La Commedia è concepita come un’opera totalizzante e può considerarsi una sorta di summa del
pensierose della letteratura medioevali. Attraverso lo strumento dell’allegoria figurale Dante recupera e
valorizza il bagaglio della cultura classica, tipo i personaggi di Virgilio, di Stazio e di Catone essi stanno a
simboleggiare un recupero degli alti valori umani espressi dalla cultura pre- cristiana che culminava, agli
occhi di Dante, nell’Eneide (poema sacro).
In quest’opera Dante impiega un impianto linguistico e stilistico completamente inedito cioè plurilinguismo
e pluristilismo. Le diverse poetiche che caratterizzano le cantiche e i loro personaggi, e le differenti
situazioni narrative comportarono l’adozione di un diverso linguaggio a seconda delle cantiche e stesso
ragionamento per lo stile. Nell’Inferno Dante utilizza un linguaggio più basso, non paragonabile al
linguaggio aulico del Paradiso.
Nella lingua e nello stile della Commedia si deposita in questo modo tutta la tradizione letteraria
precedente, da quella provenzale a quella siciliana, da quella stilnovistica a quella comico- realistica.

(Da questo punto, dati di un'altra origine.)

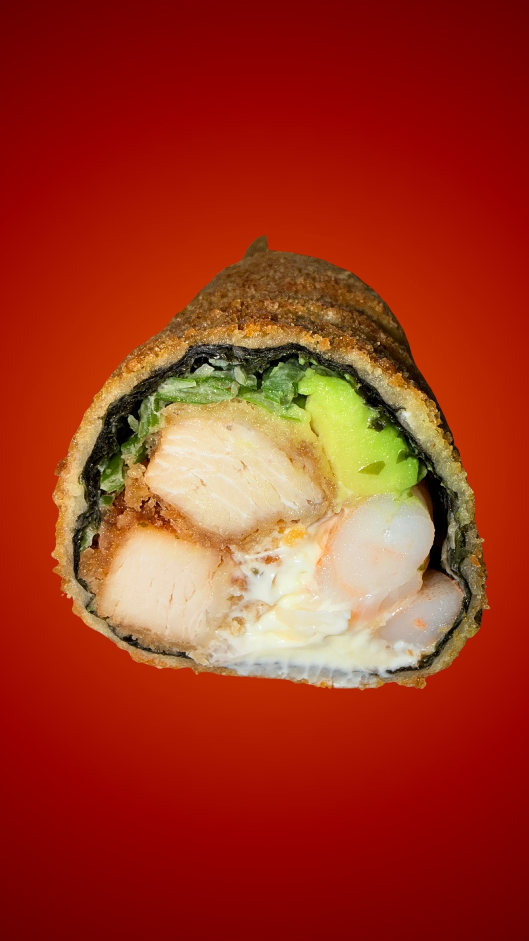 Pollo apanado, camarón, queso crema, palta y cebollín

Inoltre abbiamo detto che l’immenso bagaglio linguistico della tradizione non è sufficiente a esprimere
l’inesprimibile o ciò che non era mai stato espresso prima, entra così in gioco la capacità dantesca di creare
neologismo, che si faranno sempre più frequenti quando si avvicina alle rivelazioni finali del Paradiso.

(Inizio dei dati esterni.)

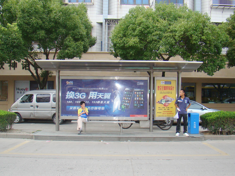 公交車候車亭一般是與公交站牌相配套的,為方便公交乘客候車時遮陽、防雨等,在車站、道路兩旁或綠化帶的港灣式公交停靠站上建設的交通設施。由于城市公交的日益發達,候車亭已發展成為城市一個不可或缺的重要組成部分,設計精美的候車亭也成為了城市一道美麗的風景。 一般候車亭棚體主要頂棚、立柱、頂弓、廣告燈箱和坐凳組成,也有用隔板來代替廣告燈箱的。

L’opera di Dante si iniziò a diffondere e diverse “officine di scritture” furono impegnate nella ricopiatura di
questo testo, questa diffusione raggiunse l’apice alla morte di Dante. L’intensa proliferazione delle copie
non fu sempre accompagna da una cura del testo impedita anche da una perdita dell’autografo dell’autore
e dalla rapidità di trascrizione infatti già nella prima metà del Trecento circolavano molte versioni del testo.
Una vera e propria svolta si ha grazie a Boccaccio, il quale trascriverà attraverso un lavoro lungo decenni
una personale edizione del testo dantesco, realizzato sulla base di diversi manoscritti in suo possesso.
Questa edizione diventerà, a partire dagli anni Settanta del trecento, canonica.